■ What you will do ■
The finished copy should match every record exactly and contain no pictures.

■ Records supplied ■
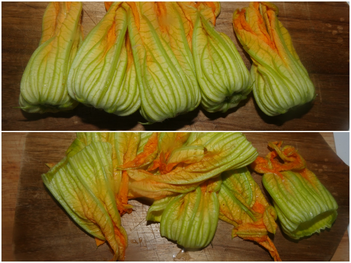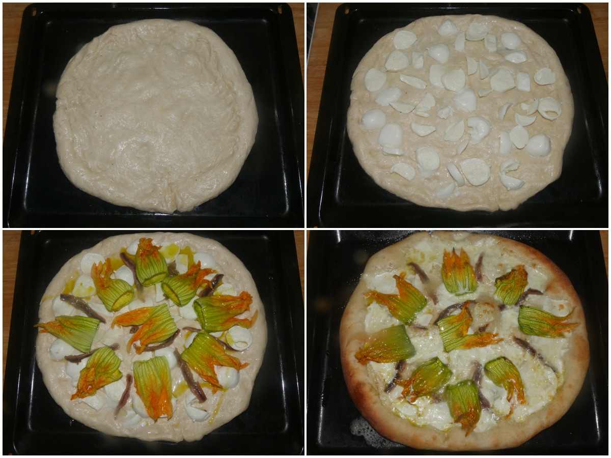 La pizza con fiori di zucca ricorda un po' il mio tortino con fiori di zucca, e in effetti la differenza sostanziale sta nell'impasto, che non è una pastella ma bensì un vero e proprio impasto per pizze. In realtà si tratta infatti di una pizza piuttosto in voga nel periodo estivo anche nelle pizzerie, almeno qui da noi. A me piace molto, voi l'avete mai provata?
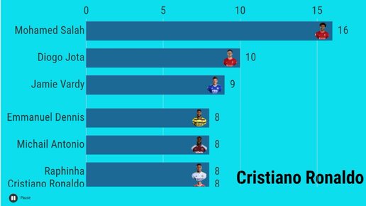 ТОП 10 бомбардиров АПЛ 2021-22 на 23.01.2022
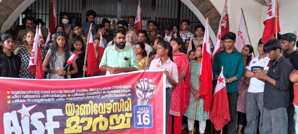 കണ്ണൂർ: സര്വ്വകലാശാലകളെ കാവിവത്ക്കരിക്കുവാനുള്ള വി സി മാരുടെ നീക്കത്തിനെയും സര്വകലാശാലകളിലെ വിദ്യാര്ത്ഥി ചൂഷണത്തിനെതിരെയും ഉന്നത വിദ്യാഭ്യാസ മേഖലയെ സംരക്ഷിക്കുക തുടങ്ങിയ വിവിധ വിഷയങ്ങൾ ഉന്നയിച്ചും എഐഎസഎഫ് കണ്ണൂർ സർവകലാശാലയിലേക്ക് മാർച്ച് നടത്തി.. മാർച്ച് എഐഎസ്എഫ് ദേശീയ എക്സിക്യൂട്ടീവ് അംഗം ആർ എസ് രാഹുൽ രാജ് ഉദ്ഘാടനം ചെയ്തു. ബി ദർശിത്ത് അധ്യക്ഷനായി. സിപിഐ ജില്ലാ എക്സിക്യൂട്ടീവ് അംഗം അഡ്വ പി അജയകുമാർ, കെ കെ സോയ എന്നിവർ സംസാരിച്ചു.നേതാക്കളായ പ്രണോയ് വിജയൻ, കെ പ്രഭിജിത്ത്, വി അമീഷ, ശ്രീപാർവതി, അനിൽ ചന്ദ്രൻ എന്നിവർ നേതൃത്വം നൽകി. സംസ്ഥാന വൈസ് പ്രസിഡണ്ട് പി എ ഇസ്മായിൽ സ്വാഗതവും ജില്ലാ സെക്രട്ടറി സി ജസ്വന്ത് നന്ദിയും പറഞ്ഞു.
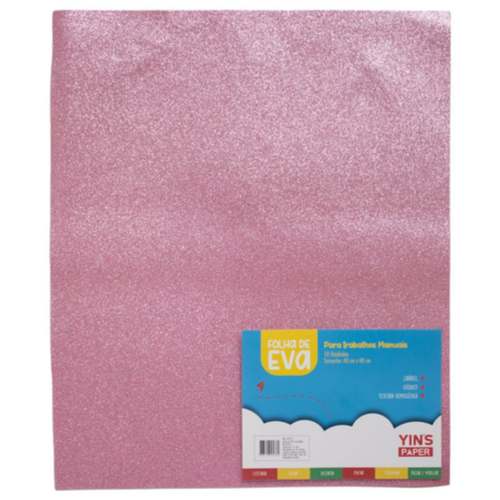 Folha de EVA rosa com glitter Yins Paper ideal para artesanato, decoração e atividades escolares.
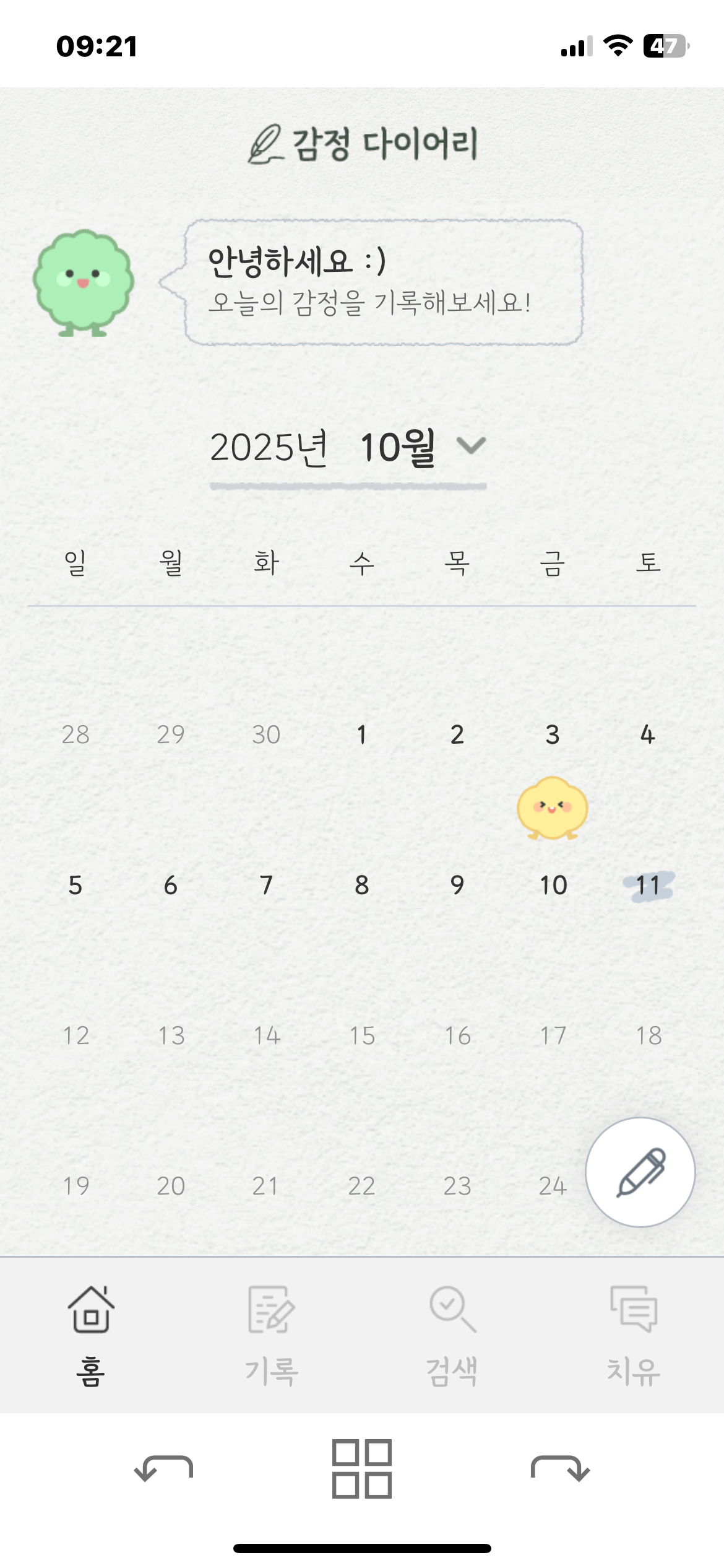 감정일기의 홈화면은 기록이 아니라 감정 그 자체에서 출발해야 합니다.

■ Task solution ■
 La pizza con fiori di zucca ricorda un po' il mio tortino con fiori di zucca, e in effetti la differenza sostanziale sta nell'impasto, che non è una pastella ma bensì un vero e proprio impasto per pizze. In realtà si tratta infatti di una pizza piuttosto in voga nel periodo estivo anche nelle pizzerie, almeno qui da noi. A me piace molto, voi l'avete mai provata?
 ТОП 10 бомбардиров АПЛ 2021-22 на 23.01.2022
 കണ്ണൂർ: സര്വ്വകലാശാലകളെ കാവിവത്ക്കരിക്കുവാനുള്ള വി സി മാരുടെ നീക്കത്തിനെയും സര്വകലാശാലകളിലെ വിദ്യാര്ത്ഥി ചൂഷണത്തിനെതിരെയും ഉന്നത വിദ്യാഭ്യാസ മേഖലയെ സംരക്ഷിക്കുക തുടങ്ങിയ വിവിധ വിഷയങ്ങൾ ഉന്നയിച്ചും എഐഎസഎഫ് കണ്ണൂർ സർവകലാശാലയിലേക്ക് മാർച്ച് നടത്തി.. മാർച്ച് എഐഎസ്എഫ് ദേശീയ എക്സിക്യൂട്ടീവ് അംഗം ആർ എസ് രാഹുൽ രാജ് ഉദ്ഘാടനം ചെയ്തു. ബി ദർശിത്ത് അധ്യക്ഷനായി. സിപിഐ ജില്ലാ എക്സിക്യൂട്ടീവ് അംഗം അഡ്വ പി അജയകുമാർ, കെ കെ സോയ എന്നിവർ സംസാരിച്ചു.നേതാക്കളായ പ്രണോയ് വിജയൻ, കെ പ്രഭിജിത്ത്, വി അമീഷ, ശ്രീപാർവതി, അനിൽ ചന്ദ്രൻ എന്നിവർ നേതൃത്വം നൽകി. സംസ്ഥാന വൈസ് പ്രസിഡണ്ട് പി എ ഇസ്മായിൽ സ്വാഗതവും ജില്ലാ സെക്രട്ടറി സി ജസ്വന്ത് നന്ദിയും പറഞ്ഞു.
 Folha de EVA rosa com glitter Yins Paper ideal para artesanato, decoração e atividades escolares.
 감정일기의 홈화면은 기록이 아니라 감정 그 자체에서 출발해야 합니다.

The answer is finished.